As men, drawn irresistibly by a strong personality, will throng towards a well whose water is supposed to contain some virtue, or a stone to touch which restores lost friends, so they came to test the holiness of this man of the woods, and found him good, and true, and full of peace. And they marvelled to find a garden in the wood, and, being entreated, eat of its produce, and heard the holy man preach, and saw him heal. Then the Saint was forced to build another hut for those of his visitors who came from far to consult him, and, as the crowds grew greater he was forced to go to the Bishop to ask for more land.
Saint Faron, the Bishop of Meaux, to whom all the forest belonged, knew his man. One can imagine two such men leading lofty and spiritual lives meeting in the monastery. I like to think of the Bishop as one of those thin men full of years, with a skin like parchment, his holiness shining out of his eyes, a man whose quiet voice, tuned to the silence of the monastery, breathes peace. And Fiacre, bronzed with the open air, rough with labour, with the curious eyes of the mystic, eyes that looked as if they had pierced the veil of a mystery, standing before his Bishop asking for his grant of land.
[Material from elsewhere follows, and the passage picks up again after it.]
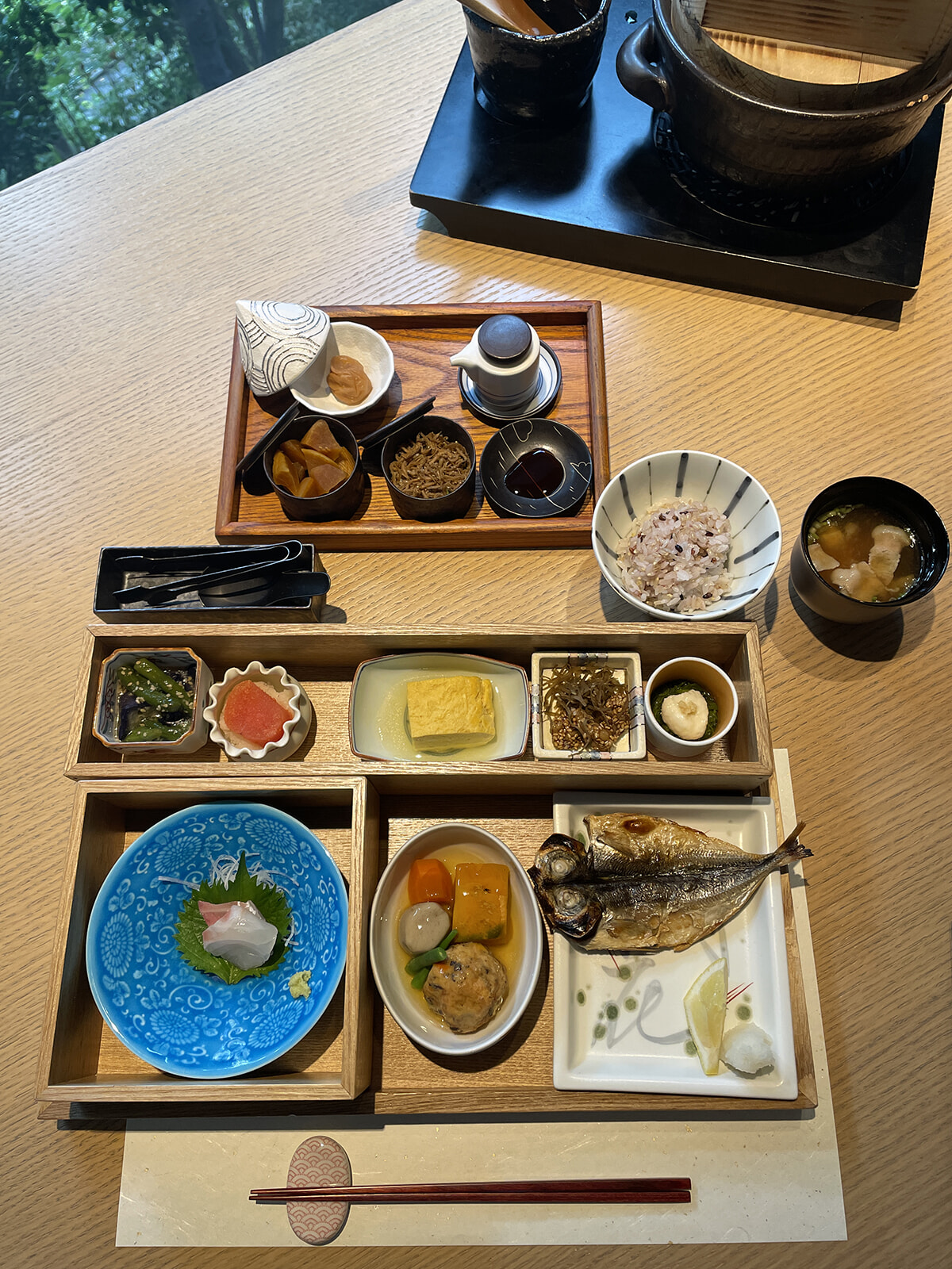お待ちかねの朝食は、ふたたびの「六つ喜」にて。下田の干物専門店、小木曽商店から取り寄せる鯵の干物やふわっふわの出来立てだし巻き卵など、1品1品が心尽しの味わいで箸を置く暇がありません。写真には写ってませんが、この後にパンナコッタと水菓子も供され、朝っぱらから完璧な布陣でした。

Coming from the depths of the heavy wood into the town, leaving the silence of his forest for the noise of the place, he must have felt strange. Those who met him were, I am sure, conscious of the atmosphere he carried with him, the envelope all lonely men wear, the curious reserve common to all dwellers in woods, and wilds.
The Bishop consented to the demand, and gave him his desire after a curious manner. Perhaps to test this hermit whose fame had already spread so far, perhaps to see how real were the stories he must have heard of his spiritual son, this holy gardener, he granted him as much land as he could enclose with his spade in one day.